First, the Sixth Circuit held that the EEOC had not demonstrated either that its expert’s race-rating method had been tested or that it had an acceptable rate of error. The EEOC had cross-checked the results of the expert’s methodology against other external sources for 57 out of 1,090 applicants. It found 95.7 percent agreement between the race-rating methodology and one source but only 80 percent agreement with another source. The Sixth Circuit implied that 80 percent agreement may not be sufficient “in a case where a few percentage points … might make the difference between significant liability and none” but held that, in any event, the cross-check sample size was insufficient to establish the reliability of the methodology, as the EEOC’s expert admitted.

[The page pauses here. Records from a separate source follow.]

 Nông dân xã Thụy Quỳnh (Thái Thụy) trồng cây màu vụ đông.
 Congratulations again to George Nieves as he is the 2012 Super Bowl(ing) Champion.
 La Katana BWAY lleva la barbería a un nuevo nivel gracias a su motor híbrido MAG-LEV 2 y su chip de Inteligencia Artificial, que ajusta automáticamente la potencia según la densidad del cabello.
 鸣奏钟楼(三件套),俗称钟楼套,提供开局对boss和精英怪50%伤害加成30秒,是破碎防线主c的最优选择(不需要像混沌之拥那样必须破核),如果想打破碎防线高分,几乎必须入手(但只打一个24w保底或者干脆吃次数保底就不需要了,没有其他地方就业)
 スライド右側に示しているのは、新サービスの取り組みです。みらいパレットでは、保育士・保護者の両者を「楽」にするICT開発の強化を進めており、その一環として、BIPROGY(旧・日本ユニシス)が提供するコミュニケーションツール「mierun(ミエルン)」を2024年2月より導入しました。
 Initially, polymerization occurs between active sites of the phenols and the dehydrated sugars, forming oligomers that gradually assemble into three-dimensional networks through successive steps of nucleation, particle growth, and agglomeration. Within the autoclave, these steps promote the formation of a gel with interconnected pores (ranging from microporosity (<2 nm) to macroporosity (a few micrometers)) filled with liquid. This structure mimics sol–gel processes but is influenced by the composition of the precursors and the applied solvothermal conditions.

Second, the court observed that the expert’s methodology, which was invented for purposes of litigation, had not been subject to peer review and publication, noting that “‘submission to the scrutiny of the scientific community is a component of good science, in part because it increases the likelihood that substantive flaws in methodology will be detected.’”

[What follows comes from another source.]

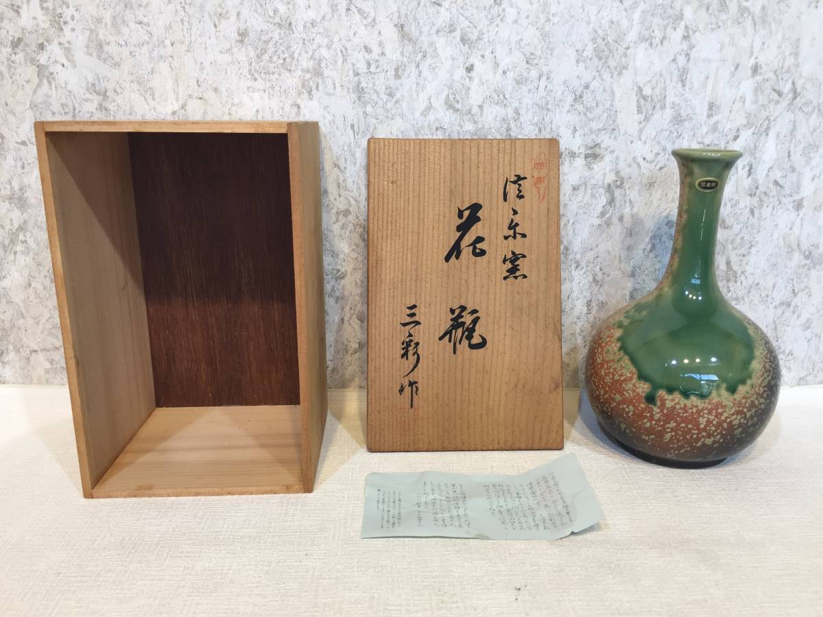 > 『 信楽焼 花瓶 』 三彩作 陶器 壺 壷 花器 一輪挿し 共箱付き 民芸品 雑貨 レトロ アンティーク ★古時家★
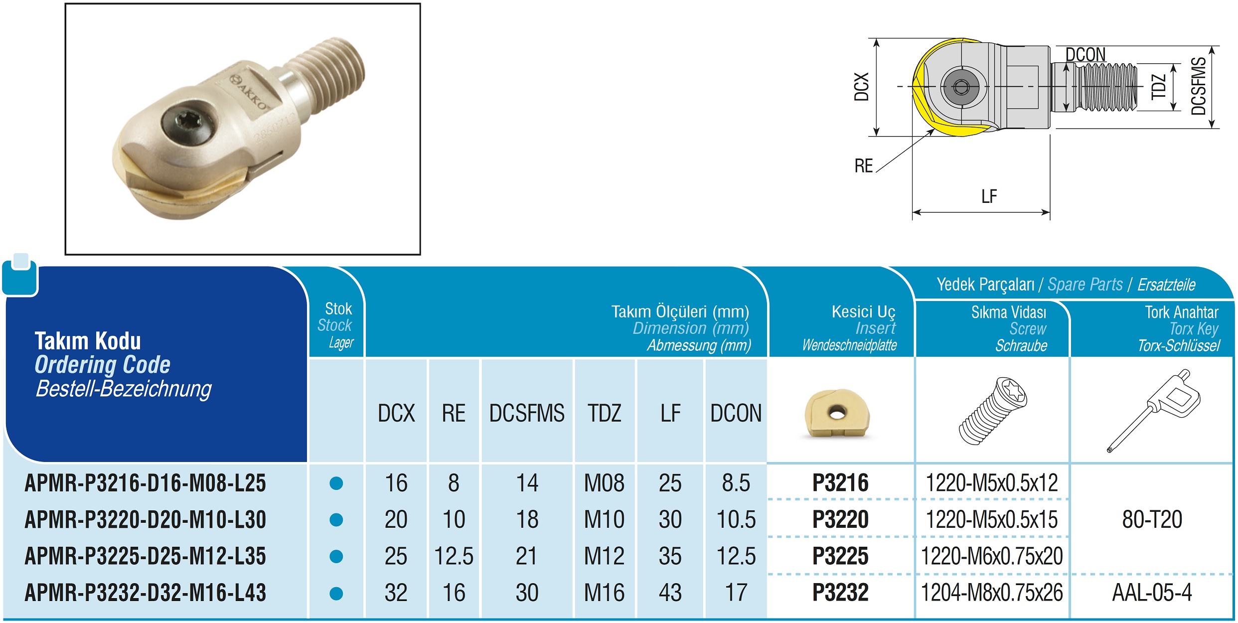 Produktinformationen "AKKO-Kugelkopier-Einschraubfräser für Wendeplatten, ø 32 mm, kompatibel mit Walter P3232 und LMT/Kieninger WPR32 Schaft-ø M16, ohne Innenkühlung"

Third, the Sixth Circuit held that the race-rating methodology lacked standards controlling the technique’s operation because the five race-raters had no particular standard for classifying the applicant’s race, but simply relied on their visual impression of the applicant’s photograph. Notably, the court also chastised the EEOC because the race raters were given the applicants’ names but told to ignore them. As the Sixth Circuit emphasized, it was the EEOC’s burden, as the proponent of the proposed expert testimony, to prove that this did not impact the reliability of the methodology.

Fourth, the court pointed out that there was no evidence that the race-rating methodology was generally accepted in the scientific community. Indeed, as the court observed, the EEOC itself discourages employers from relying on visual identification of an individual’s race.

Finally, the Sixth Circuit agreed with the trial court that the sample of 1,090 applicants analyzed by the expert was not representative of the applicant pool as a whole because 23.8 percent of applicants in the sample failed the credit check whereas only 13.3 percent of applicants overall failed.

 Kaplan is a bulwark for defendants besieged by result-oriented expert testimony. It confirms that defendants can attack such testimony on multiple fronts: the selection of data, each step in the expert’s analysis, the choice of individuals who conduct any part of the analysis and any error correction method or cross-check performed in an effort to validate the methodology. Kaplan is, of course, but one battle in a much longer war over the permissible use and scope of expert testimony, but it gives defendants reason to hope that the war is winnable.

Evan M. Tager and Miriam R. Nemetz are partners, and Carl J. Summers is counsel, in the law firm Mayer Brown’s Supreme Court and Appellate Practice. They are located in the firm’s Washington DC office.